Writing more than one person’s mind can be done many different ways, but if you have ever read a book where it was poorly done, and there are MANY out there, you know that too much bouncing or poorly done transitions can really kill the flow. There needs to be some signal to the reader, a format change, a font change, a chapter break, something to tell them that they are now looking through someone else’s eyes.
If you are planning to take a “God” approach to your writing then by all means reveal everything constantly, but if you want the reader to be a fly, looking over the shoulder of one character at a time, put a little forethought into how you will buzz from one shoulder to the next.
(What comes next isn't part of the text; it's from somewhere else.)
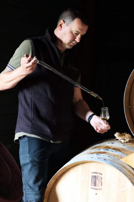 À la sortie de l’alambic, les eaux-de-vie sont cristallines, intenses, déjà expressives, titrant autour de 60 % vol. C’est la Blanche d’Armagnac.

I have tried a few methods for this and, in all honesty, I am not entirely sure they work. I like them, but I wrote the story so of course it makes sense to me. I have tried chapters, where each of the perspective characters gets a full (though short) chapter to show us their view and then we are on to the next, and I have tried a gap in the middle of the chapter, where we follow one charter to a high point then break to ride the other perspective to its conclusion. In both cases, I try to shy away from bouncing. I know how each of them feels of course, but for the sake of the reader, and my own sanity, they have to wait their turns.
Perspective is vital to the flow and pace of a good novel. I am not saying I do it right, but I put time and thought into how I will do it. I encourage you to do the same. It’s important!